Only eight of the RAE’s 44 members are women. A few of those have expressed sympathy with the idea of updating the constitution. “In administrative texts it is possible to make clear the presence of the female population, in a sensible way,” said Inés Fernández-Ordóñez, a philologist and member.
The problem of collective nouns
Perhaps the biggest obstacle to the gender-inclusiveness movement is that language changes declared from the top-down tend not to take. It is best when everyday speakers start adopting some new convention that is then solidified by a dictionary or an organization like the RAE.
That’s what happened with one of the most prominent recent gender-inclusive debates in the English language. Activists had long campaigned for gender-neutral pronouns, like “ze” and “per.” None of those caught on in the mainstream. But over time, a singular form of the word “they” emerged to provide a solution.

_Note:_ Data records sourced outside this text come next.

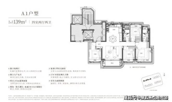 建面约 139 ㎡稀贵 4房,总价 约 1000万级 起
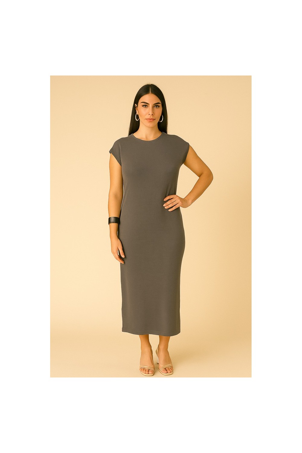 abito a coste in viscosa giro collo mezza manica 97% viscosa 3% elastan
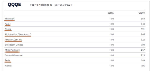Moreover, over 50% of its weight is concentrated in its first ten holdings as shown below, compared to only 12% for QQQE. With an equal-weighted approach and tracking the NASDAQ-100 Equal Weighted Index or NETR, the Direxion ETF mitigates risks by more evenly spreading its assets across its holdings.

Now “they” is here to stay.
Some of the solutions proposed by the likes of Calvo should not be that controversial. For one, advocates propose that the constitution use la población española (“the Spanish population”) instead of todos los españoles (“all Spaniards,” but using the masculine form).
But the proposed general solution for collective nouns—to use both the male and female forms—is an unfortunate one, because it offends the ears of the conservative literati who head up the RAE. Villanueva derided using duplicate terms like trabajadores y trabajadores because it “destroys the essence of economy” that “governs languages.” That sounds a bit like an excuse. Language may be economical, but it’s also supposed to be expressive. It’s simpler to respond to a question like “are you upset?” with a simple “no” as opposed to a phrase like “not at all,” but the answers convey something different.
Calvo’s push to change the constitution may fail this time. There is the resistance from the RAE, and the fact that her new government has to deal with more pressing problems, like appeasing both Catalan nationalists and the far-left Podemos party, all of whom helped her party to power.
Yet there is support for gender-neutrality in the Spanish language. So it’s likely that, more inclusive ways of talking will emerge from the bottom-up. Already, the use of the @ symbol (tod@s instead of “todos”) and an “x” (todxs) are common online and in texting. It’s true that those are difficult to pronounce out loud, which suggests that these are probably temporary solutions—the “ze” to some future, more natural “they.”